IsaacSim Isaac Lab Python Linux platform Windows platform pre-commit License

Overview

This repository serves as a template for building extension projects for Isaac Lab. It allows you to develop in an isolated environment, outside of the core Isaac Lab repository.

Key Features:

  • Isolation Work outside the core Isaac Lab repository, ensuring that your development efforts remain self-contained.
  • Flexibility This template is set up to allow your code to be run in a container, and deployed remotely on a cluster.

Keywords: extension, template, isaaclab

Container Installation (Recommended, Especially for Remote Training)

1 Building Isaac Lab Base Image

Start by following Isaac Lab Docker guide to build the base Isaac Lab image locally.

NOTE: If you are using a workstation shared by multiple users, you must add a unique suffix to your version of the base image to prevent overriding other peoples' Isaac Lab images.

You add a suffix (e.g. jacques) as follows:

/path/to/IsaacLab/docker/container.py start --suffix jacques

You must always add the suffix as an argument when interacting with the base container using container.py.

Once you have built your base Isaac Lab image, you can check it exists by doing:

docker images
# REPOSITORY                       TAG       IMAGE ID       CREATED          SIZE
# isaac-lab-base-jacques           latest    28be62af627e   32 minutes ago   17.7GB
# ...

2 Building the Extension Image

First, create a new GitHub repository from the template repository. We will create the repository IsaacLabMyExtension under user Jacques for this guide.

Then, clone the repository separately from the Isaac Lab installation (i.e. outside the IsaacLab directory):

# Option 1: SSH (recommended)
git clone [email protected]:Jacques/IsaacLabMyExtension.git

# Option 2: HTTPS
git clone https://github.com/Jacques/IsaacLabMyExtension.git

Then rename the contents of the repository to a new project name. We will use my_extension for this guide. This can be done automatically as follows:

# Enter the repository
cd IsaacLabMyExtension
# Rename all occurrences of ext_template (in files/directories) to my_extension
python scripts/rename_template.py my_extension

NOTE: To avoid Python syntax errors, the project name must be defined in snake_case; all lower case with words separated by underscores, and no hyphens.

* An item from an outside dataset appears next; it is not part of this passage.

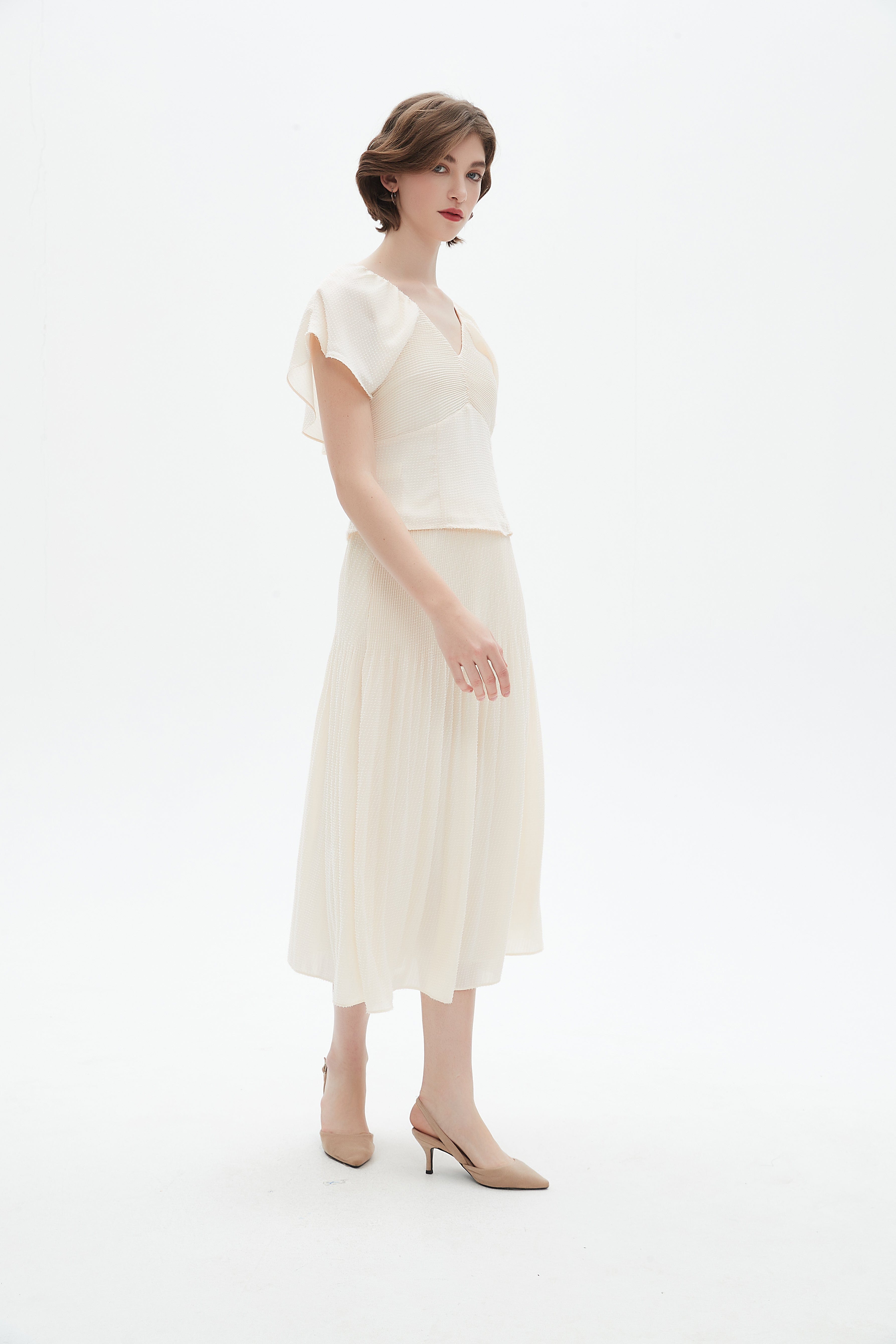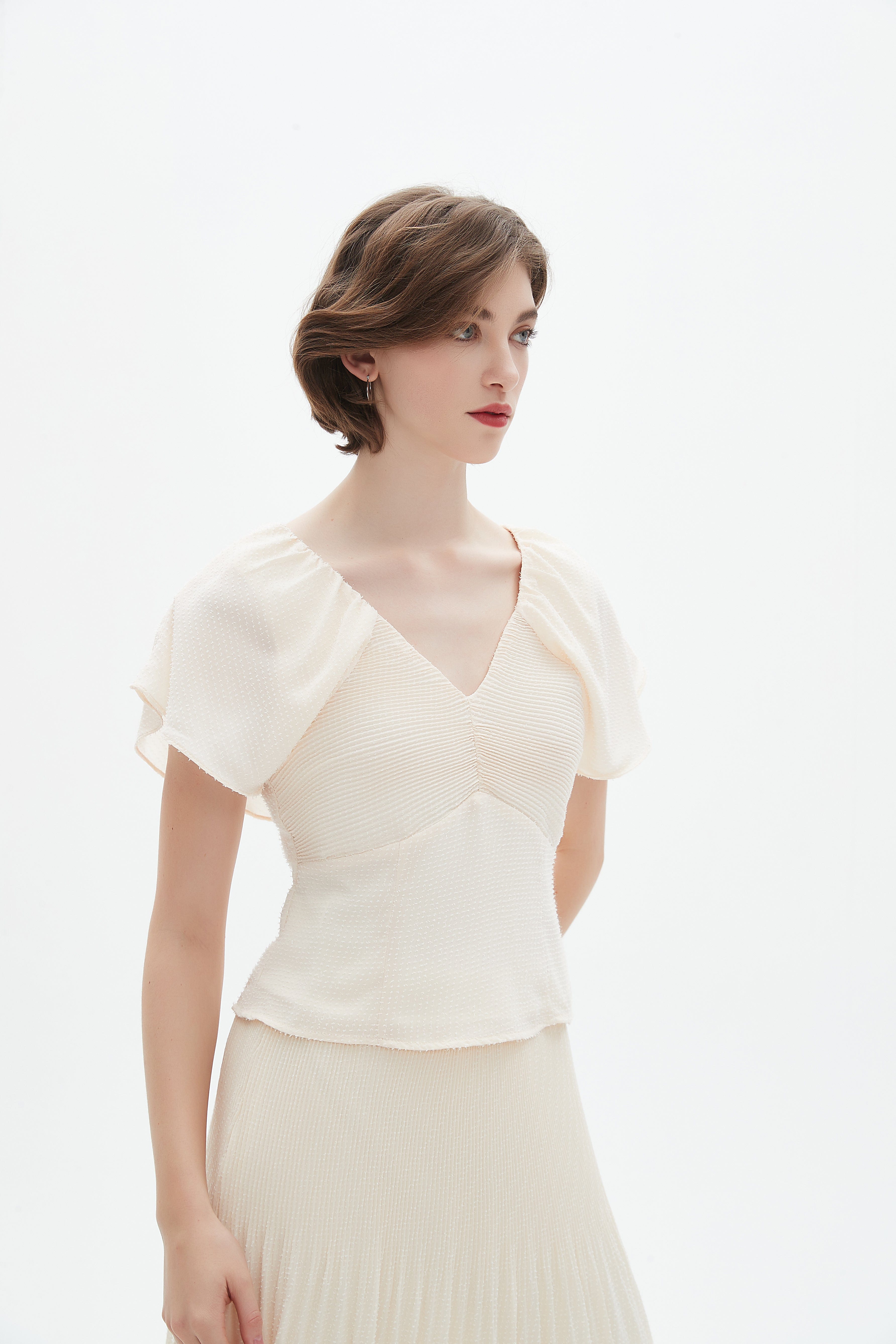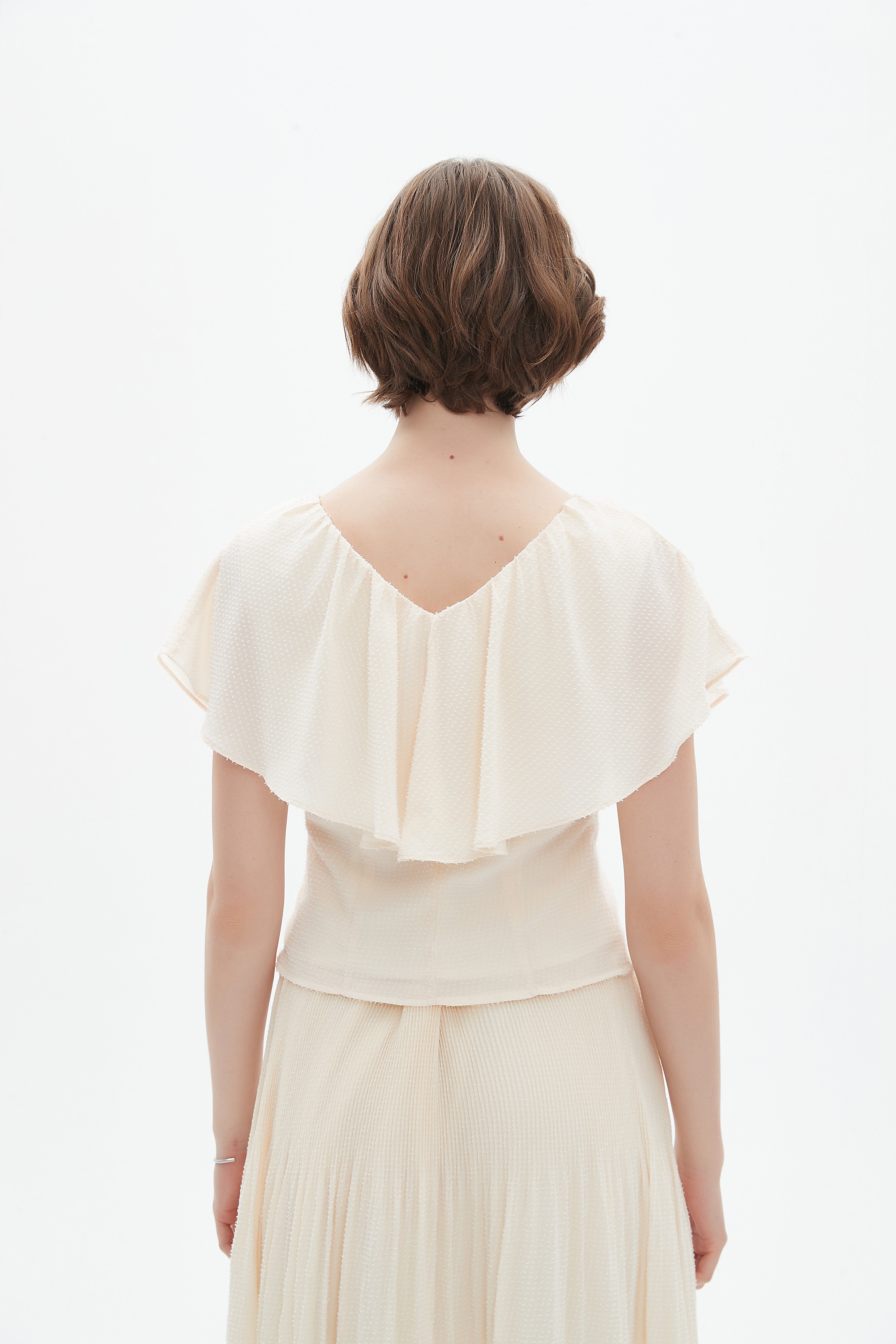 بلوزة نسائية كم قصير ومكشكشة من الخلف بياقة على شكل V

Then, in a similar approach to building the base image, build the docker container for your extension project:

  1. Edit docker/.env.ext to specify your base image name
  2. Build the container using:
docker/container.py start
# [INFO] Using container suffix: -my_extension
# [INFO] X11 Forwarding is configured as '1' in '.container.cfg'.
# 	To disable X11 forwarding, set 'X11_FORWARDING_ENABLED=0' in '.container.cfg'.
# [INFO] Building the docker image and starting the container 'isaac-lab-ext-my_extension' in the background...
# ...

Note that --suffix is not needed when interacting with your extension image using container.py in the extension project.

If prompted about enabling X11 forwarding, choose y if you want to use GUIs from within the container, else n.

You can verify your extension image (which will always have the profile ext) is built successfully using the same command as earlier:

docker images
# REPOSITORY                       TAG       IMAGE ID       CREATED             SIZE
# isaac-lab-ext-my_extension       latest    00b00b647e1b   2 minutes ago       17.7GB
# isaac-lab-base-jacques           latest    28be62af627e   About an hour ago   17.7GB
# ...

3 Using the Extension Container

3.1 Running the container

If the image exists, you can start the container as follows:

docker/container.py start
# [INFO] Using container suffix: -my_extension
# [INFO] X11 Forwarding is configured as '1' in '.container.cfg'.
# 	To disable X11 forwarding, set 'X11_FORWARDING_ENABLED=0' in '.container.cfg'.
# [INFO] Building the docker image and starting the container 'isaac-lab-ext-my_extension' in the background...
# ...

3.2 Interacting with a running container

To enter the container once started, use:

docker/container.py enter
# [INFO] Using container suffix: -my_extension
# [INFO] X11 Forwarding is enabled from the settings in '.container.cfg'
# [INFO] Entering the existing 'isaac-lab-ext-my_extension' container in a bash session...

Alternatively, if you use VSCode, I instead recommend pressing Ctrl+Shift+P, selecting Dev Containers: Attach to Running Container... and then selecting your container. This will re-open VSCode inside the container (including integrated terminals). Once inside, open the folder /workspace/isaaclab_ext.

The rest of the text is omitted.